Not even for revenge.

But because this world, with all its brutality and beauty, had finally cracked open its door. And he wanted to walk through it to become stronger.

Two days later, the paperwork was signed.

The process was surprisingly bureaucratic. Identity verification, health clearance, mana sensitivity scan—all completed in hours. And then came the transport authorization: one ticket to a Hunter military base near the southern ridge. Basic training began immediately for initiates.

"Surprised you passed the scan," the clerk muttered as he handed Akio the pass, glancing at the readings. "You've got high potential mana flow, but it's weird. Like it's sleeping with one eye open."

Akio didn't reply.

He just nodded, tucked the pass into his coat, and walked off.

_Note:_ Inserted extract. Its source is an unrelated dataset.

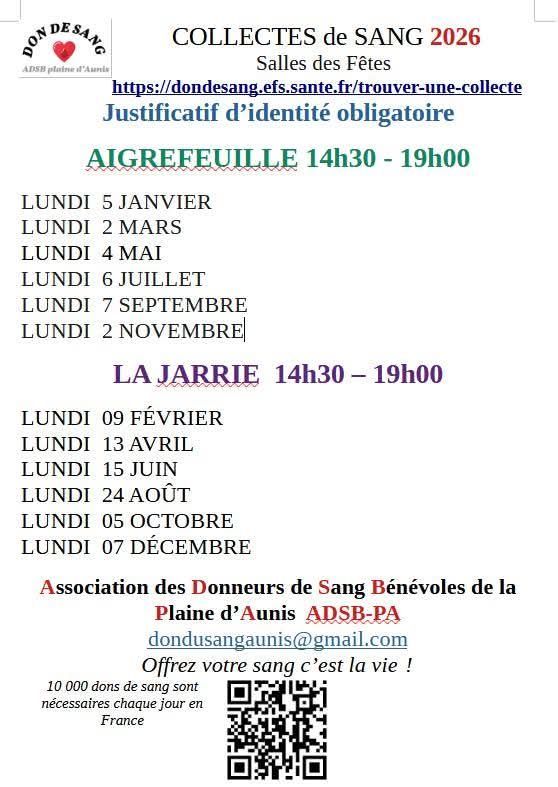Écrit le 4 janvier 2026. Publié dans Evènements à venir Don du sang 2026 Vues: 208 Imprimer E-mail Précédent Suivant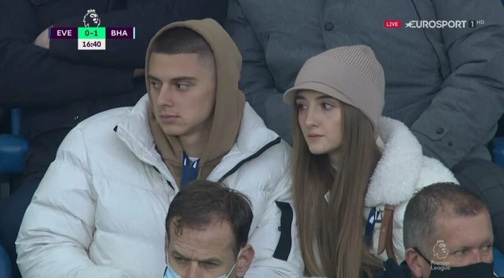 Віталій Миколенко зі своєю дівчиною дивиться на трибуні матч "Евертона" проти "Брайтона"

Outside, wind rustled the leaves.

And he smiled.

Because for the first time in a long while, he wasn't running senarios in his head.

He was living them.

The hallway lights buzzed faintly as Akio stepped out of his hospital room, a bandaged arm and a half-finished discharge form crumpled in his fist. He didn't need a send-off. Not from the staff. Not from the world. He just needed purpose. And now, he had one.

Outside, winter sunlight pierced through the haze of the city, and the chill bit into his skin as if to remind him he was alive. A fresh kind of alive. The kind that had faced death and come out different. The kind that saw glowing particles in the air and wasn't afraid anymore.

He made his way back home in a quiet haze, and when he opened the front door, the familiar creak made his grandmother turn from the kitchen.

"You're back," she said softly, setting the kettle down.

Akio nodded, hanging his coat by the door. "Just for a bit."

She looked him over. Her gaze lingered on the faded bruises, the edge of the bandage that peeked from beneath his sleeve, the stiff way he moved. Her eyes didn't question—she had seen too much in her life to pry. But they waited.

"I've decided," he said.

She poured tea and handed him a cup without a word, motioning for him to sit. He did, the steam curling around his face.

"I want to be a Hunter."

She didn't flinch. "You're serious?"

"I am."

He sipped, waiting. Silence stretched between them, and he half-expected a lecture, a protest, anything. But she just watched him.

"I figured," she finally said.

That caught him off-guard. "You did?"

"You've had that look since you were a kid. Like you were meant for more than this cage of walls and routine. You just didn't know where to start."

"I do now."

She stood and reached for the small drawer by the sink. From it, she pulled a faded envelope—sealed and labeled with the city's Hunter Bureau insignia.

"I signed you," she said, setting it down in front of him. "Back when your parents…" she trailed off. "I didn't think you'd be ready. But now?"

Akio took the envelope slowly, blinking. "You knew I'd choose this?"

She smiled faintly. "No. But I hoped you would."

He stood in silence, then wrapped her in a one-armed hug. She didn't say anything. She just squeezed back.